Combinatorial problems based on graph partitioning enable us to mathematically represent and model many practical applications. Mission planning and the routing problems occurring in logistics perfectly illustrate two such examples. Nevertheless, these problems are not based on the same partitioning pattern: generally, patterns like cycles, paths, or trees are distinguished. Moreover, the practical applications are often not limited to theoretical problems like the Hamiltonian path problem, or K-node disjoint path problems. Indeed, they usually combine the graph partitioning problem with several restrictions related to the topology of nodes and arcs. The diversity of implied constraints in real-life applications is a practical limit to the resolution of such problems by approaches considering the partitioning problem independently from each additional restriction. This book focuses on constraint satisfaction problems related to tree partitioning problems enriched by several additional constraints that restrict the possible partitions topology. On the one hand, this title focuses on the structural properties of tree partitioning constraints.
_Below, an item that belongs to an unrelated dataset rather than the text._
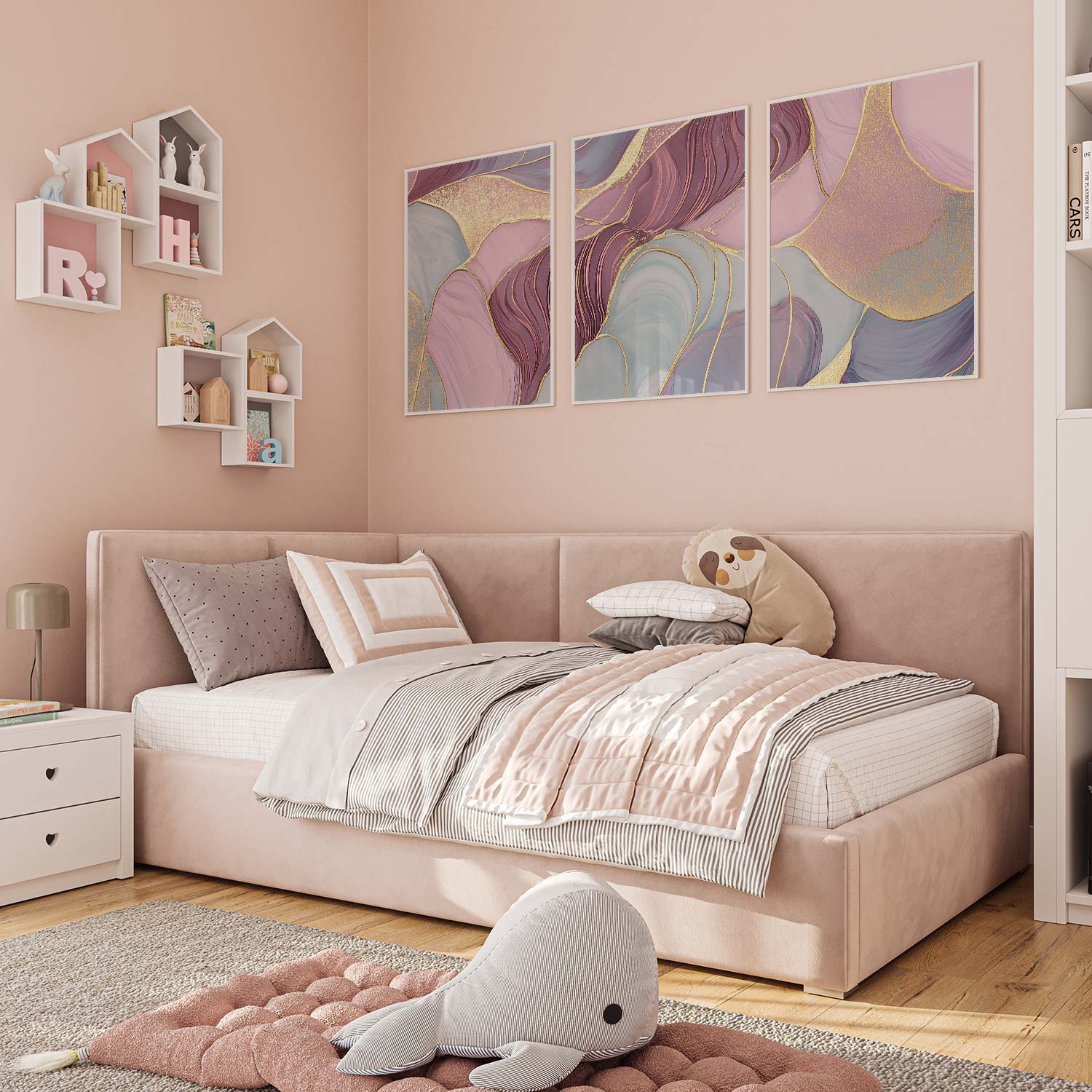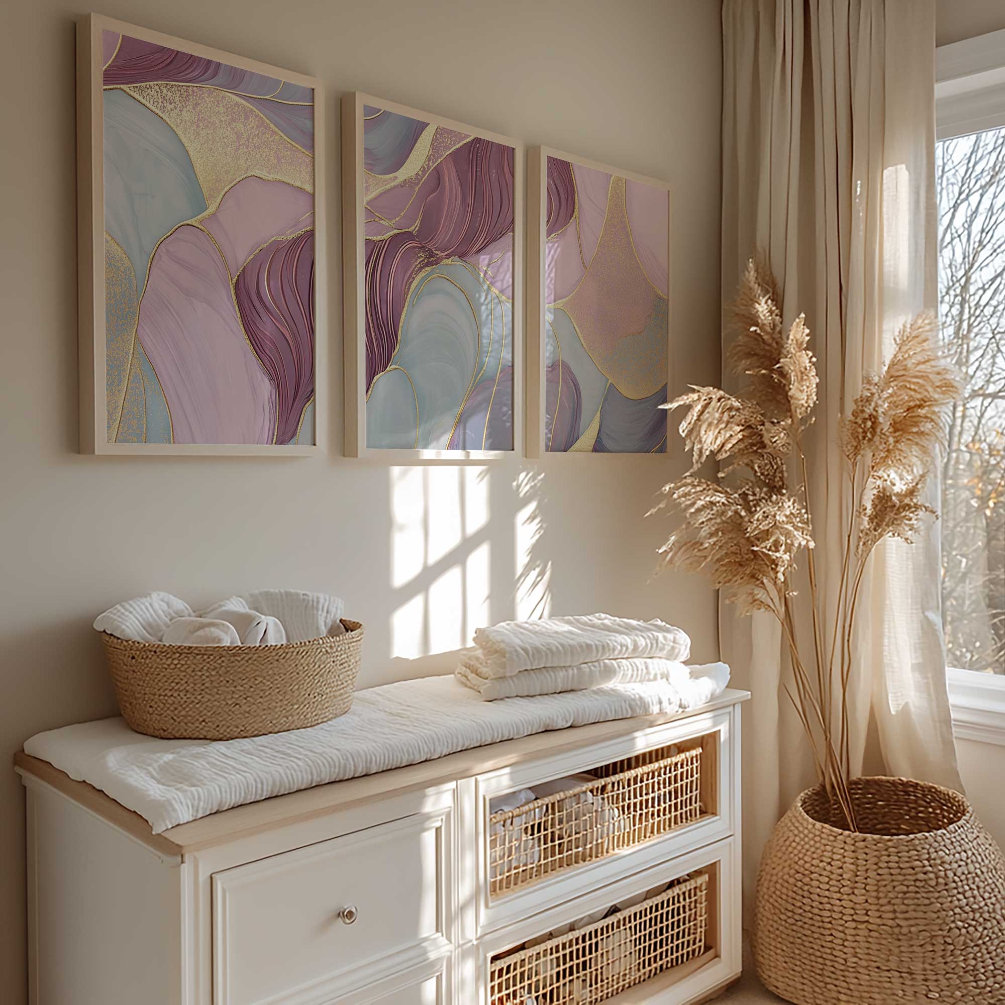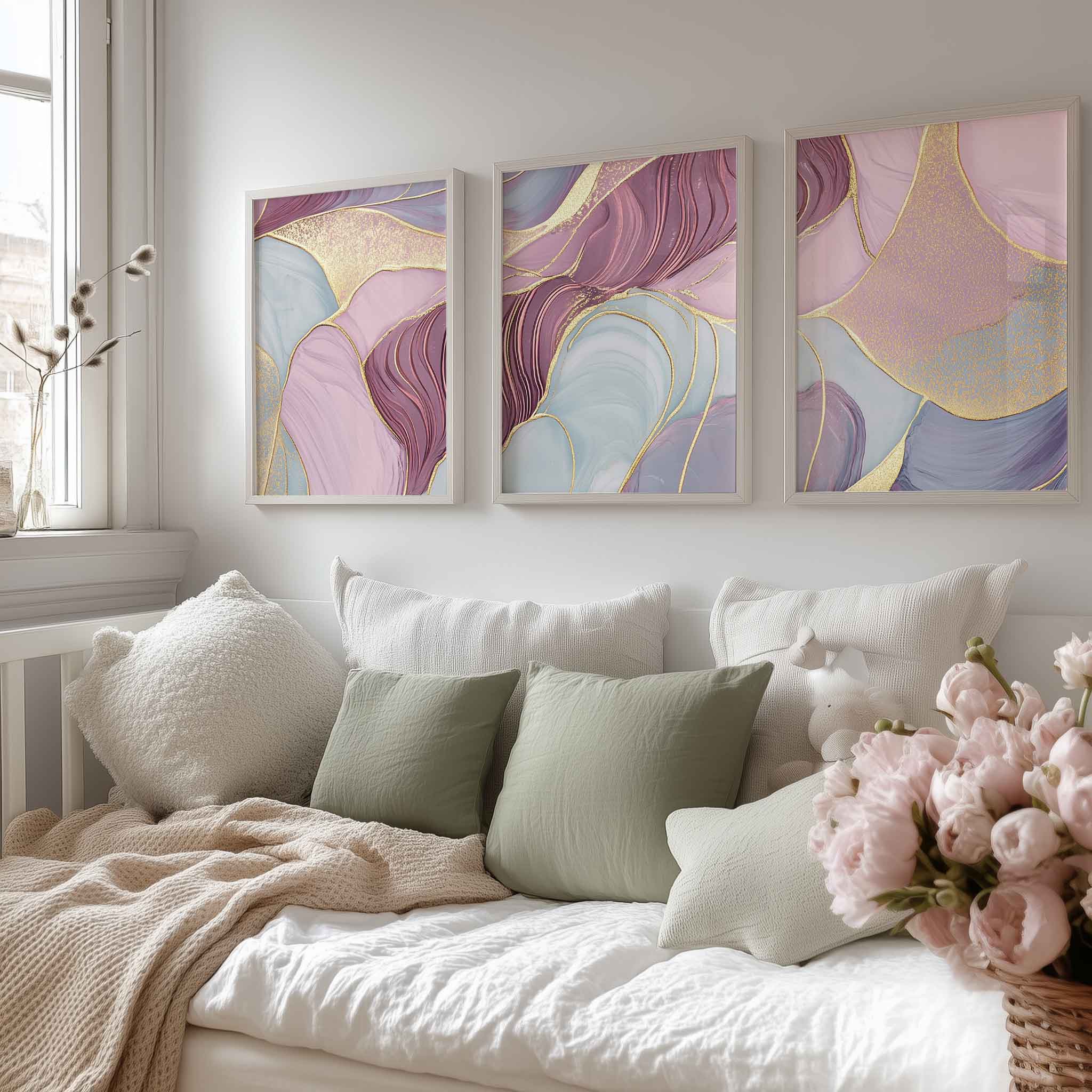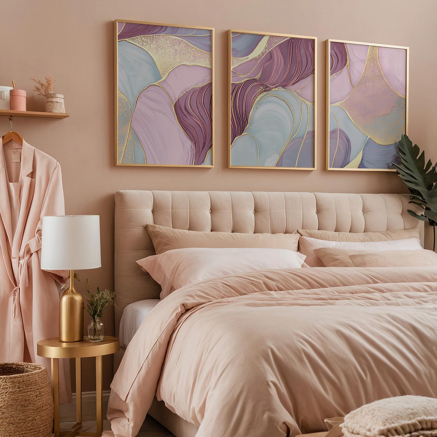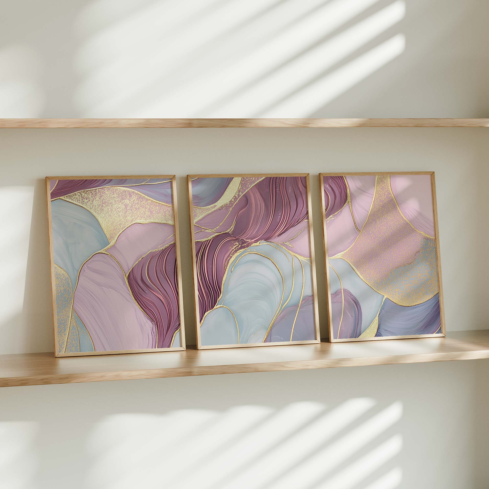 Magisch Abstract: Roze, Blauw & Paars met Gouden Elegantie

On the other hand, it is dedicated to the interactions between the tree partitioning problem and classical restrictions (such as precedence relations or incomparability relations between nodes) involved in practical applications. Precisely, Tree-based Graph Partitioning Constraint shows how to globally take into account several restrictions within one single tree partitioning constraint. Another interesting aspect of this book is related to the implementation of such a constraint. In the context of graph-based global constraints, the book illustrates how a fully dynamic management of data structures makes the runtime of filtering algorithms independent of the graph density.
Xavier Lorca is Associate Professor of Computer Science at the cole des Mines de Nantes in France.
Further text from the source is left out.